[ABOUT THIS TASK]:
Records follow. Print exactly the lines from the one that has "На площади Республики" through the one that has "Mit dem ELEGOO", inclusive, and omit the pictures.

[DATA]:
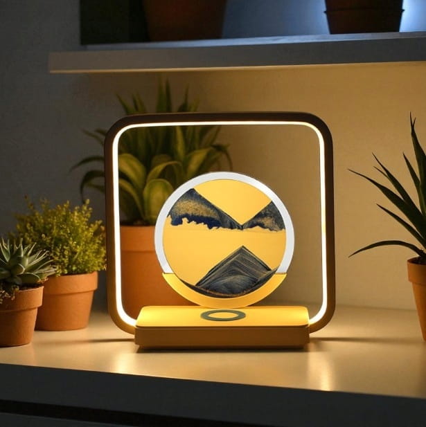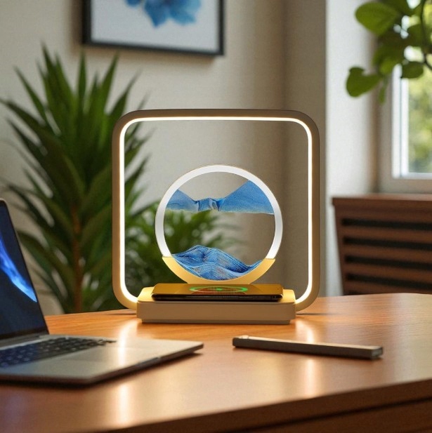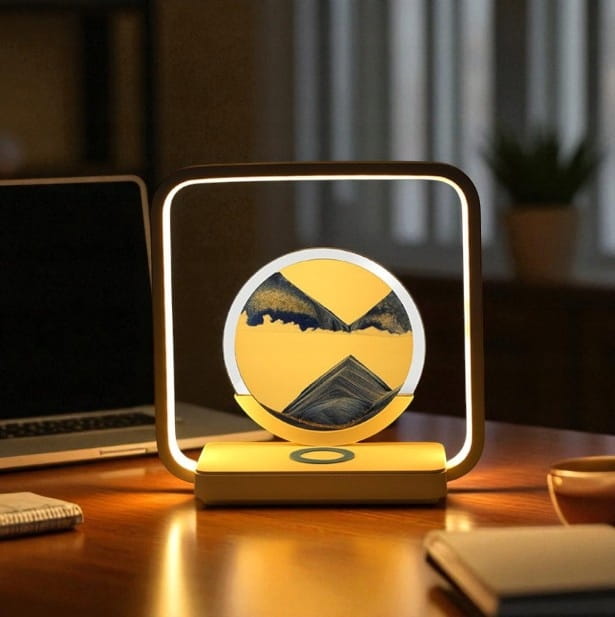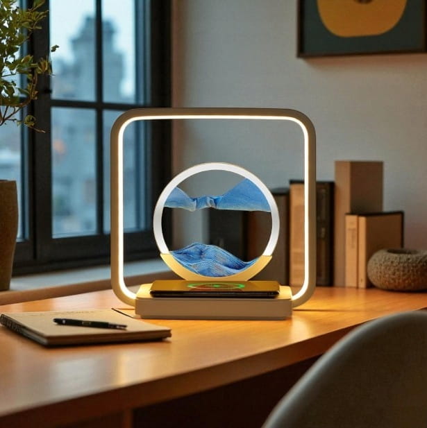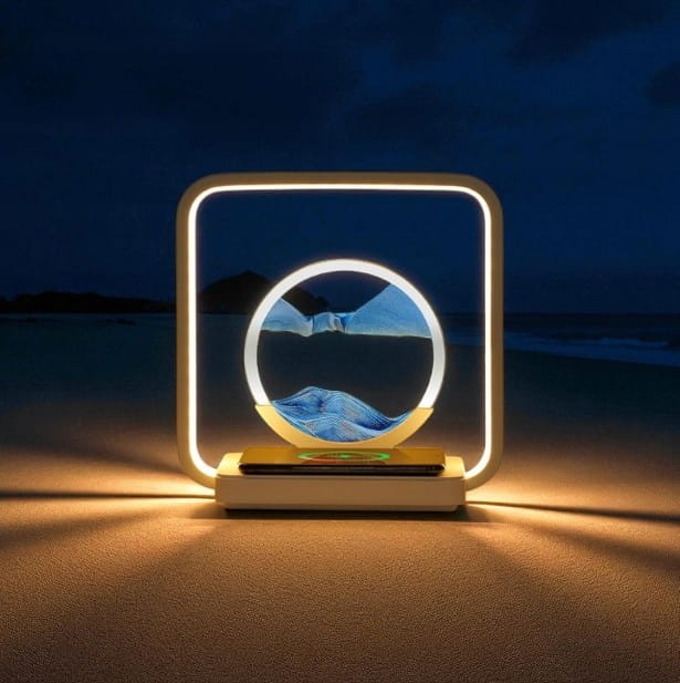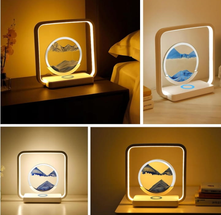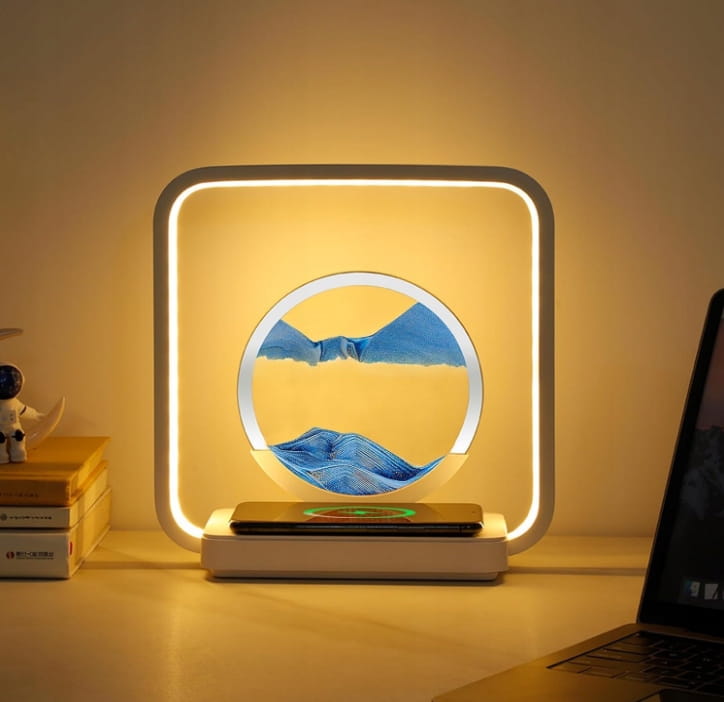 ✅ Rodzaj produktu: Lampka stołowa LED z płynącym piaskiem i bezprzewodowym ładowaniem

==

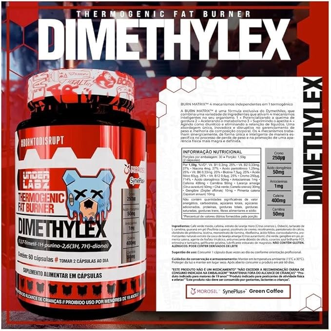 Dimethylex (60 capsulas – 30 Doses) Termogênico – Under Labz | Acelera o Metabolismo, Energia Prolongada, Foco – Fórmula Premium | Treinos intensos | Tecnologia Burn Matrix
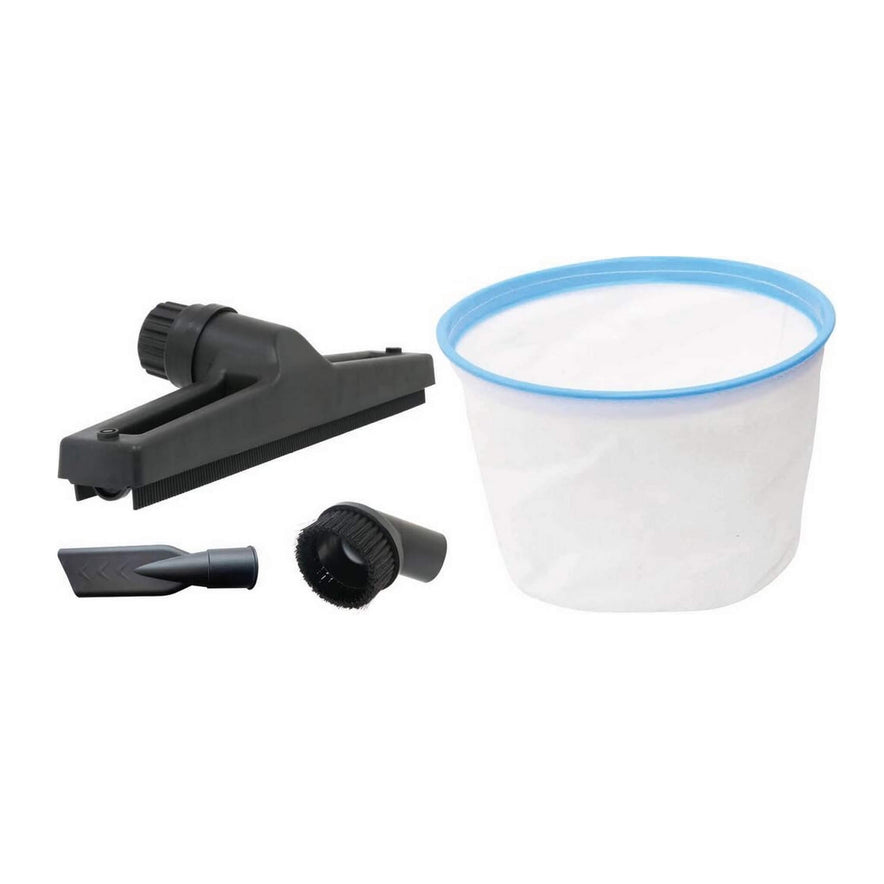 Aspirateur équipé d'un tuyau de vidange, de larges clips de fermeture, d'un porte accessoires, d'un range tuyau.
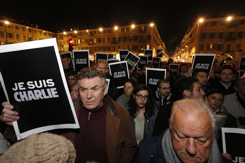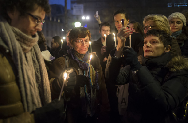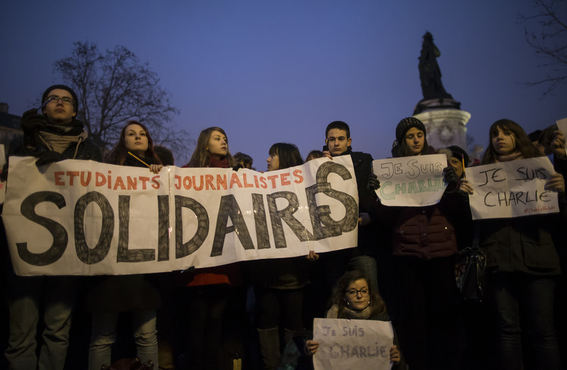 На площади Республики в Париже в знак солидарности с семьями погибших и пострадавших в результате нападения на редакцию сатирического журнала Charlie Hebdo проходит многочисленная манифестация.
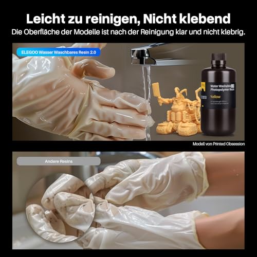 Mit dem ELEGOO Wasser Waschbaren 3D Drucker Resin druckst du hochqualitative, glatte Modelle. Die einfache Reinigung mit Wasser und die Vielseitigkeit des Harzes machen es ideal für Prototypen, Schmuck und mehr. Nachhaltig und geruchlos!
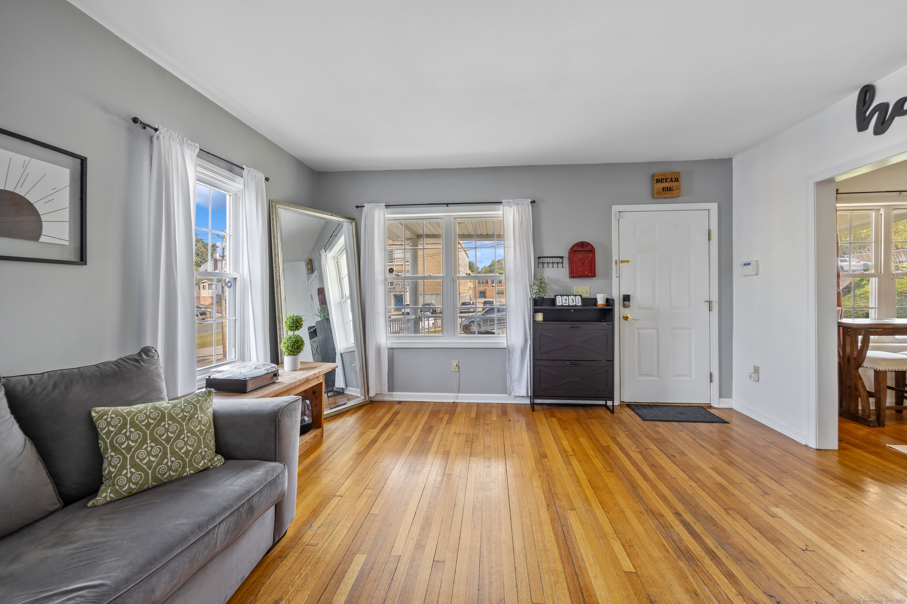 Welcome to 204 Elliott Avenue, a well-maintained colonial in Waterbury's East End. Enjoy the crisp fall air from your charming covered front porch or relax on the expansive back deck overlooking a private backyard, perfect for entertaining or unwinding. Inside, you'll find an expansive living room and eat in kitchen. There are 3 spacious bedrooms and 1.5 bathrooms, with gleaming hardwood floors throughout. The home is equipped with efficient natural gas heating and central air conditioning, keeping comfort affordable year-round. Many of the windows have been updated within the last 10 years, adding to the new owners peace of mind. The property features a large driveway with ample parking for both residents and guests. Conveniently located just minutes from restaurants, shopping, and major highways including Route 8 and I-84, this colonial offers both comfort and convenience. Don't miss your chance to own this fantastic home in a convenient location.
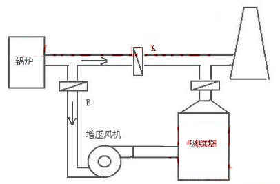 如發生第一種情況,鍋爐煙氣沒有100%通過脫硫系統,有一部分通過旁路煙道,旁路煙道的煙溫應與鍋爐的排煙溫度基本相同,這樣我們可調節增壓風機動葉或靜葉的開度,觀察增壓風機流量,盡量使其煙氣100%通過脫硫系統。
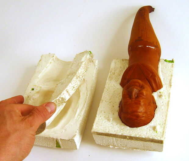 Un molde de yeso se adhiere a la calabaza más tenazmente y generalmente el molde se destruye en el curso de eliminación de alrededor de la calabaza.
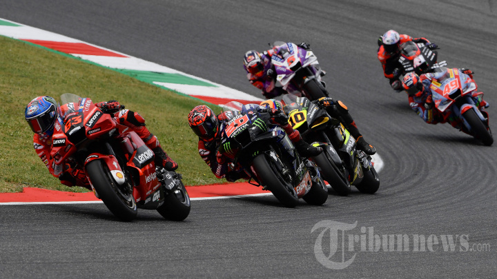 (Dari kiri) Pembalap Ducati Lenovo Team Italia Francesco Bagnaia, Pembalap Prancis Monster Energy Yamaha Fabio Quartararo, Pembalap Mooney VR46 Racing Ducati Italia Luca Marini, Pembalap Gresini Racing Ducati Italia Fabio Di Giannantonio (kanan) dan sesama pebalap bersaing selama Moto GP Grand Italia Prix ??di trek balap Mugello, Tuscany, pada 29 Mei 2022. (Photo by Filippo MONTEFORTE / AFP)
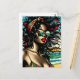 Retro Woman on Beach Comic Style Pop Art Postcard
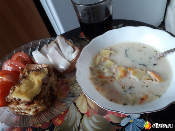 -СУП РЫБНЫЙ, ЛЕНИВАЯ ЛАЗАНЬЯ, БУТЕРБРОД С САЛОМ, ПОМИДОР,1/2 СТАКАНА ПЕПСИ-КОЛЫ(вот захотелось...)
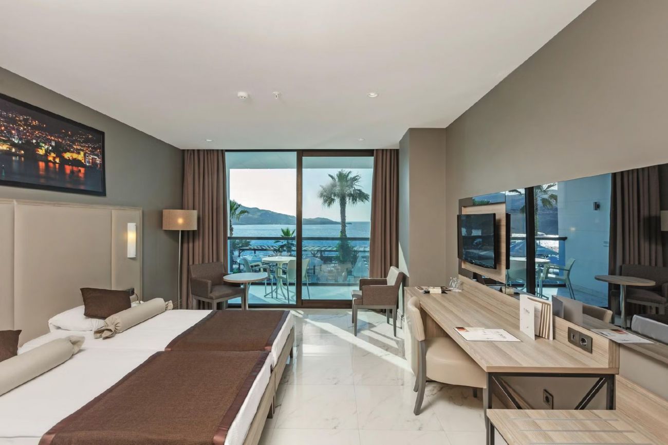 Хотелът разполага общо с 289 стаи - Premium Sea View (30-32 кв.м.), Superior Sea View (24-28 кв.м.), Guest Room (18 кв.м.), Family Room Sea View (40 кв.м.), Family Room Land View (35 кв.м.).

[ANSWER TO THIS PROBLEM]:
 На площади Республики в Париже в знак солидарности с семьями погибших и пострадавших в результате нападения на редакцию сатирического журнала Charlie Hebdo проходит многочисленная манифестация.
 Mit dem ELEGOO Wasser Waschbaren 3D Drucker Resin druckst du hochqualitative, glatte Modelle. Die einfache Reinigung mit Wasser und die Vielseitigkeit des Harzes machen es ideal für Prototypen, Schmuck und mehr. Nachhaltig und geruchlos!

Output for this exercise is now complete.